Perelman has proved Thurston's geometrization conjecture, which says that every irreducible 3-manifold decomposes along its canonical decomposition along tori into pieces, each admitting a geometric structure. A "geometric structure" is a nice riemannian metric, which is in particular complete and of finite volume.

There are eight geometric structures for 3 manifolds: three structures are the constant curvature ones (spherical, flat, hyperbolic), while the other 5 structures are some kind of mixing of low-dimensional structures (for instance, a surface $\Sigma$ of genus $2$ has a hyperbolic metric, and the three-manifold $\Sigma\times S^1$ has a mixed hyperbolic $\times S^1$ structure).

The funny thing is that geometrization conjecture was already proved by Thurston when the canonical decomposition is non-trivial, i.e. when there is at least one torus in it.

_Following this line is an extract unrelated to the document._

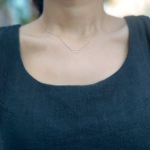 These mini shapes are understated yet pack a graphic punch. Perfect for everyday wear, the mini oval measures ⅜” wide by  ⅛” tall and is suspended by tiny gold jump rings on our signature conflict free 14k yellow gold cable chain. Handmade in recycled 14k gold with a satin finish. This necklace as shown on the model is 17” in length.

In that case the manifold is a Haken manifold because it contains a surface whose fundamental group injects in the 3-manifold. Haken manifolds have been studied by Haken himself (of course) and by Waldhausen, who proved in 1968 that two Haken manifolds with isomorphic fundamental groups are in fact homeomorphic.

If the canonical decomposition of our irreducible manifold $M$ is empty, now we can state by Perelman's work that $M$ admits one of these 8 nice geometries. The manifolds belonging to 7 of these geometries are well-known and have been classified some decades ago (six of these geometries actually coincide with the well-known Seifert manifolds, classified by Seifert already in 1933). From the classification one can see that the only distinct manifolds with isomorphic fundamental groups are lens spaces (which belong to the elliptic geometry, since they have finite fundamental group).

The only un-classified geometry is the hyperbolic one. However, Mostow rigidity theorem says that two hyperbolic manifolds with isomorphic fundamental group are isometric, hence we are done. Some simple considerations also show that two manifolds belonging to distinct geometries have non-isomorphic fundamental groups.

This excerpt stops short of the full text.